Zeenat Isaacs, chairwoman and co-founder of Supporting Mentorship through Art (S.M-ART), Harmony Village
Since the Covid-19 period hit, S.M-ART has distributed more than 1 000 food relief packages, vouchers and loaves of bread weekly.
S.M-ART provided and will continue to provide cooked meals for the communities in need, depending on supplies. We intend to serve three meals a day to those on our database.
We mainly focus on the elderly, young children and the disabled.
However, we do try to assist as many in need as possible.
This global pandemic affects those with weakened immune systems and those with pre-existing conditions.
Our vulnerable groups have been falling prey. All of them do not have masks, gloves, toiletries let alone a warm blanket or something to eat with winter coming up.
It is also obvious that when your nutritional needs are not met this in effect will lower your immunity and you would be more prone to catching Covid-19.
The Western Cape has reported the most Covid-19 infections and Mitchell’s Plain is high on the list in the province.
We urge the public to please do what you can to assist because together we can and will get through this.
We are grateful for being able to warm the hearts and aid the most vulnerable members of our community.
S.M-ART mainly assists the community of Mitchell’s Plain, due to a lack of resources.
Putting the food relief packages together is both a blessing and salutation for our team.
We work day and night to pack, distribute, uplift and impact the impoverished in their time of need – in a time when hope is so drastically needed as well as human dignity, which should always be maintained.
We followed strict good clinical practice (GCP) and human subject protection (HSP) guidelines.
We aspire to continue to do this for all those in need across any given barrier.
Please contact us if you would like to donate any food packages, winter clothing, blankets and toiletries to our daily causes.
We are urgently in need of extra supplies, food, toiletries, bedding and cleaning materials for the more 3 000 recipients in need on our database.
So far all of the
S.M-ART handouts were generated from the income of our founding members to create these packages.

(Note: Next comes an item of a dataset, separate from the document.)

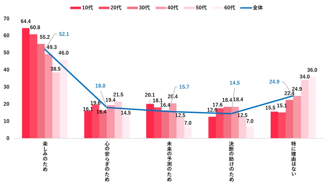 占いやおみくじを利用する理由は、「楽しみのため」が全体で52.1%だった。年代別では10代が64.4%と最も高かった。どの年代でも約4割以上が「楽しみのため」と回答して最多となっており、年代に関わらず、占いの人気が確認された。
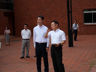 令和7年8月19日(火曜日)、南流山中学校で熊谷俊人千葉県知事による現地視察、野田市役所で熊谷知事と井崎市長並びに鈴木有野田市長との意見交換が行われました。

However, we are running out of food supplies and our beneficiaries are in need of food, toiletries and bedding as winter approaches.
So many people are being arrested for being hungry and trying to survive.
If you have a Woolworths MySchool card, choose S.M-ART as a beneficiary so we can aid those in need.
For more information and or to donate call, text co-founder Rizah Potgieter, from Westridge, on 074 074 3377, email preficks@gmail.com or me on 074 256 3243.
The core role of S.M-ART when it started in May last year was to target impoverished communities over a broad spectrum by targeting youth, empowering and impacting their lives by keeping them away from unsavoury situations on the streets and teaching them skills, which will help them be self-sustainable, hence eradicating poverty (“Pupils taught SMART goal-setting”, Plainsman, May 15, 2019).
Their skills set include dance, graffiti, all art forms, rap, mechanics and poetry.